When Chick came along, both twins adored him. He was such a meek little feather that he worshiped them. Lil and Al were just loved. But Arty was different. He was separate. He fascinated Iphy and he terrified Elly. Elly’s harshness flared against anyone who might distract Iphy’s attention from her. The rest of us were just fantasy opposition. Arty was dangerous. He flirted with Iphy. He toyed with her.
Elly hated him. She acted, sometimes, as though Arty could tear Iphy away from her.
The Binewski family shrine was a fifty-foot trailer with a door at each end and a one-dollar admission price. The sign over the entrance said “Mutant Mystery” and, in smaller letters, “A Museum of Nature’s Innovative Art.” We called it “the Chute.” Like everything else in the Fabulon, the Chute grew and changed over the years. But the Chute had started with six clear-glass twenty-gallon jars, and those jars — each lit by hidden yellow beams and equipped with its own explanatory, push-button voice tape — were always the core.
The Chute was Crystal Lil’s idea, and she supervised it. She visited the Chute every day before the gates opened and polished the jars lovingly with glass cleaner. Later, when Al wanted to put the stuffed animals in, he had to clear it with Crystal Lil. She insisted on the maze at the entrance so that the six jars remained the climax of the walk through.

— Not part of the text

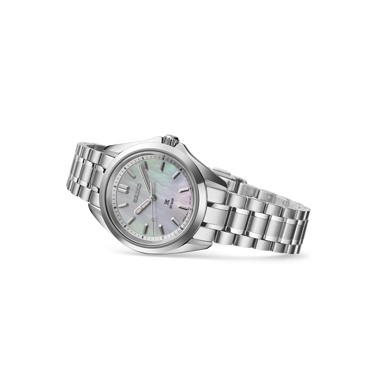 This watch is one of three new Prospex models combining the elegance of a dress watch with the robust functionality to use in marine sports. It is powered by a 6N01 quartz movement with a white mother of pearl dial set with baton hour markers.

The stuffed animals in their lit glass windows were the usual humdrum collection of two-headed calves, six-legged chickens, and the mounted skeleton of a three-tailed cat. The only live exhibit was a trio of featherless hens that Al picked up from the chicken rancher who had bred them to save plucking costs on his fryers. He couldn’t sell them because customers were used to the pimply “chicken skin” of birds that had their feathers yanked. They didn’t trust the smooth-skinned look. These three were cheerful, baggy-fleshed creatures with floppy combs and wattles. They lived for two years before Lil found them, heaped dead in a corner of their cage, done in overnight by some microscopic enemy of innovation. Al had them stuffed and they stayed on in the same cage. One bent over, with head extended as though about to peck at the straw that would never again need changing. One stood alert, with its round yellow eye cocked at the passersby and its right foot curled as though in the act of stepping forward. The last sat cozily in a corner with one wing spread and its head tucked underneath, apparently looking for lice.
Lily would take her pills after breakfast and then go over to the Chute with her cleaning gear. She left the dark green floors and walls to the power-vacuum crew but the glass she did herself. Sometimes I would help, sometimes the twins. Mostly Lily did it herself. She would do a quick, decent job on all the glass windows in the maze, but her true purpose was her visit to the “kids” as she called them. The jars were Al’s failures.
“And mine,” Lil would always add. She would spray the big jars and polish them. She would talk softly, all the while, to the things floating in the jars or to whoever was with her. She remembered the drug recipe Al had prescribed for her pregnancy with each one, and reminisced about the births.
There were four who had been born dead: Clifford, Maple, Janus, and the Fist. “We always say Arty is our firstborn but actually Janus was the first,” Lil would say as she peered into the fluid that filled up the jar, examining the small huddled figure that floated upright inside.
Janus was always my favorite. He had a down of dark hair curling on his tiny scalp and a sweet sleeping face. His other head emerged on a short neck at the base of his spine, equally round and perfect, with matching hair. This rear brother squinted in perpetual surprise at the tiny buttocks under its nose. The four sets of minuscule eyelashes fascinated me and I wondered how the two would have gotten along if Janus had lived. Would they have bickered like Elly and Iphy? They could never have seen each other except sideways in a mirror. Probably the top head would have controlled everything and made his poor little butt-brother miserable.